When your cluster is small. The operational overhead of gossip, repair scheduling, compaction management, and the complexity of tuning consistency levels per operation is substantial. For a workload that can fit on a single well-replicated PostgreSQL instance, Cassandra's distribution machinery adds complexity without benefit. The paper's architecture is designed for hundreds of nodes at Facebook scale. Below a certain threshold — roughly 6–12 nodes, a replication factor of 3, and write rates that would saturate a PostgreSQL write-ahead log — the operational cost exceeds the throughput benefit. Use Cassandra when you need horizontal write scale that a single database can't provide, not as a general-purpose store.

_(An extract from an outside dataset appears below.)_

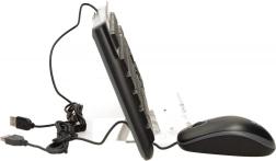 Mouse-ul cu senzor optic de 1000 dpi oferă control lin și precis al cursorului. Ambele dispozitive se conectează în câteva clipe prin USB Plug & Play, fără instalarea driverelor. Construcția tastaturii este rezistentă la stropire, iar picioarele rabatabile permit setarea unui unghi de 8° pentru confort la tastare.

When consistency errors are application-visible. Eventual consistency means reads may return stale data. For most activity tracking workloads (the paper's original motivation), stale reads are acceptable: showing a user their inbox from 200ms ago is indistinguishable from real-time. For workloads where users see their own writes immediately and inconsistency is visible — a counter that displays the wrong value, a shopping cart that loses an item — eventual consistency creates user-facing bugs. The LOCAL_QUORUM consistency level mitigates this within a datacenter, but it reduces write availability (a write fails if fewer than a quorum of replicas are up) and adds latency. The choice of consistency level is not a knob you set once; it's a contract about what your application can tolerate.

What the paper got right

The LSM tree / SSTable architecture that Cassandra's local storage is based on has become the dominant storage engine design for write-intensive workloads. RocksDB, LevelDB, ScyllaDB, and Apache HBase all use variants of the same structure. The decision to optimize for sequential writes and accept that reads require merging from multiple sorted files is the correct tradeoff for write-heavy workloads on rotating media, and it remains competitive on flash due to write endurance (SSDs wear unevenly under random writes; append-only workloads extend SSD lifetime).

The gossip-based cluster management without a central coordinator proved more operationally robust than ZooKeeper-based systems. Cassandra clusters don't have a single point of failure in their coordination plane. When ZooKeeper-dependent systems (early Kafka, early Hadoop) experienced ZooKeeper unavailability, entire clusters halted. Cassandra gossip degrades gracefully: individual nodes may have slightly stale membership information, but no single ZooKeeper leader failure cascades to full cluster unavailability.

The tunable consistency model — the ability to say "this write must hit 2 replicas; this read can hit 1" — has proven essential for heterogeneous production workloads. A cluster can simultaneously serve low-latency, eventually-consistent reads for analytics and strongly-consistent reads for user-visible data, differentiated at the query level. This flexibility comes at the cost of application complexity: the developer must understand what each consistency level guarantees and choose appropriately. But the alternative — all-or-nothing consistency — forces either unnecessary latency on operations that don't need it, or unavailability on operations that do.

The tombstone story is the enduring lesson. Every design choice in the paper's storage engine assumes that writes are the common case and that deletions are rare. This was true for Facebook's inbox search workload in 2009. It is not true for GDPR-era user data pipelines, for time-series data with aggressive retention policies without TTLs, or for applications that treat Cassandra as a general-purpose database and issue deletes as routinely as updates. Read the paper to understand what the system was designed for. Measure whether your workload matches those assumptions before you deploy it.